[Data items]
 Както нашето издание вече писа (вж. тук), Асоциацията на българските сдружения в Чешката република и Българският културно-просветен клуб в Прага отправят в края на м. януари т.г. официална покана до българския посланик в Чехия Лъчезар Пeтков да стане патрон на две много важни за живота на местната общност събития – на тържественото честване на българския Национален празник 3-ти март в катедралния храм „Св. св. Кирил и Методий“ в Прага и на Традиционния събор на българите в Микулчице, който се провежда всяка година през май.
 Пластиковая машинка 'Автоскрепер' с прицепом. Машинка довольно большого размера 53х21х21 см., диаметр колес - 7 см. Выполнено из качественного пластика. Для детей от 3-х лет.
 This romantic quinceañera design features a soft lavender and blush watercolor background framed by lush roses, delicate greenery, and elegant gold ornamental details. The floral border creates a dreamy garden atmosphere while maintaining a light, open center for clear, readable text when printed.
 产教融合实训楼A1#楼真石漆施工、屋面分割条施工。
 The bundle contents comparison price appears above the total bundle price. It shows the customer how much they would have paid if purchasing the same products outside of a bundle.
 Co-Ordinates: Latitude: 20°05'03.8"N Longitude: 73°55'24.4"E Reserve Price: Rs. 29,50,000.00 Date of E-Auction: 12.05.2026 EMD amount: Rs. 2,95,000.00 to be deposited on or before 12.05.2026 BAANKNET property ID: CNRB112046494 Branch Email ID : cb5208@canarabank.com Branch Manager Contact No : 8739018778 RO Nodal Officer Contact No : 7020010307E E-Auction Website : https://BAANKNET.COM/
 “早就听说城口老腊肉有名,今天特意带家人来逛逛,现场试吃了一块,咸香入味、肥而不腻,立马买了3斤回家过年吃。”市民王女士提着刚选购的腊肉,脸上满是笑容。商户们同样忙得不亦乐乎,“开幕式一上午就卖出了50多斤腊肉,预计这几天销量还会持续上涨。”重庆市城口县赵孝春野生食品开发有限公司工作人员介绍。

Assignment
From the entries above, extract only the lines running from the one containing "This romantic quinceañera" through the one containing "The bundle contents", inclusive.

Answer below
 This romantic quinceañera design features a soft lavender and blush watercolor background framed by lush roses, delicate greenery, and elegant gold ornamental details. The floral border creates a dreamy garden atmosphere while maintaining a light, open center for clear, readable text when printed.
 产教融合实训楼A1#楼真石漆施工、屋面分割条施工。
 The bundle contents comparison price appears above the total bundle price. It shows the customer how much they would have paid if purchasing the same products outside of a bundle.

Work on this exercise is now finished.